Many pipette tip manufacturers can easily justify systems with high-cavitation molds, but there are many others who simply have too many SKUs and they need a low-volume, high-mix solution. The low volume, however, does not mean low quality or a compromise in the degree of automation, Shaffer said.
To meet the changing demand, Hekuma now offers its HekuTip modular automation systems for pipette tips in three pre-configured models for different size production runs — the HekuTip 70, the HekuTip 350, and the HekuTip 700.
Typically, a HekuTip automated system consists of a high-speed take-out robot that reaches into a mold with end-of-arm tooling to remove the tips. The robot transfers the tips to a transfer gripper that orients them and places them onto a turntable. The tips then are transferred to a tray-loading station or optional visual inspection system that separates out any rejects. The pipette tips then go to a filter insertion and inspection station, if required, before they are packaged or sent to a separate packaging line.
“The reality is that if you only scale back the productivity using the same components, the capital costs will be too high,” he said. “The key to an effective modular design is to ‘right size’ the components for the throughput and output and not to over-engineer the flexibility and functionality.”
All three systems can achieve an overall cycle time of 4.8 seconds, he said, which is significantly faster than a Hekuma system from about two years ago. At that time, cycle times were around 5.5 seconds.

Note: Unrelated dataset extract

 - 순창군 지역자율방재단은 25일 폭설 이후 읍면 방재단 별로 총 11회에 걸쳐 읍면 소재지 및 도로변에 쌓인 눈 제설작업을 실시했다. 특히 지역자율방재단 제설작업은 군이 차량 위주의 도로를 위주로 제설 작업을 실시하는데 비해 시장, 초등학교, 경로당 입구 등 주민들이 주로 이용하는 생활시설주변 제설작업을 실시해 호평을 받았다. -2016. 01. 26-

The HekuTip 70 is the smallest automated system the company now offers and works with up to 16-cavity molds to process 70 million tips per year. The equipment is optimized for smaller machines and more moderate cycle times, the company said.

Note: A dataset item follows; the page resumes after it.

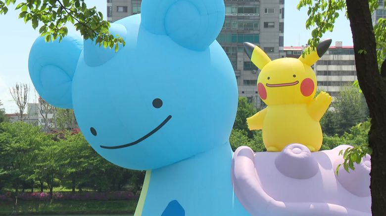 석촌호수에 떠 있는 16m 높이의 '메타몽'.

Hekuma offers optional vision inspection, filter assembly and packaging equipment that is tailored to the HekuTip 70’s output capacity, Shaffer said.
The HekuTip 350 is designed for higher output applications with fewer SKUs and can process about 350 million pieces per year, but it is capable of lower production volumes as well. It is designed to produce mid-range annual quantities using up to 64-cavity molds.

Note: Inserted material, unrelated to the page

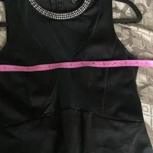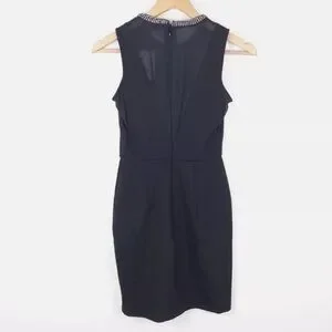 All eyes will be on you in this sexy black dress with a stunning rhinestone neckline and sheer panels. Sheer insert at back, side & front. Material is thicker and soft expensive feel. Bodycon style. Hidden back zipper. Please note a few jewels are missing on both sides at same spot (as pictured). Doesn’t take away from this statement piece, priced accordingly. Perfect for prom, weddings and formal events. Stock picture is not of exact dress as it doesn't have the sheer sections.
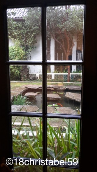 Meine erste Nacht auf der Insel verlief recht ruhig, bis auf das Rauschen am Fenster. Könnte das Fenster oder die Klima gewesen sein. Egal, als ich morgens zu normaler Stunde aufgewacht bin, war es draussen zwar hell, aber Sonnenschein sieht eigentlich anders aus. Es goss in Strömen auf den lapislazuliblauen Pool mit seinen drei gefliesten Schildkröten, der in dem Grau seiner betonierten Umgebung für einen freundlichen Farbtupfer in der Landschaft sorgte.

The third size in the series is the HekuTip 700, which offers the greatest productivity and can handle 700 million tips annually. It is designed to work with molds with up to 128 cavities.
New regulatory requirements have resulted in a surge of requests for an optional filter assembly and inspection station on all the HekuTip models, Shaffer said. Pre-COVID, approximately 65 percent of tips were made without filters. However, the projections for 2022 indicate that filtered tips will be the majority of those produced, and by 2025 the trend points to 65 percent having filters, Shaffer said.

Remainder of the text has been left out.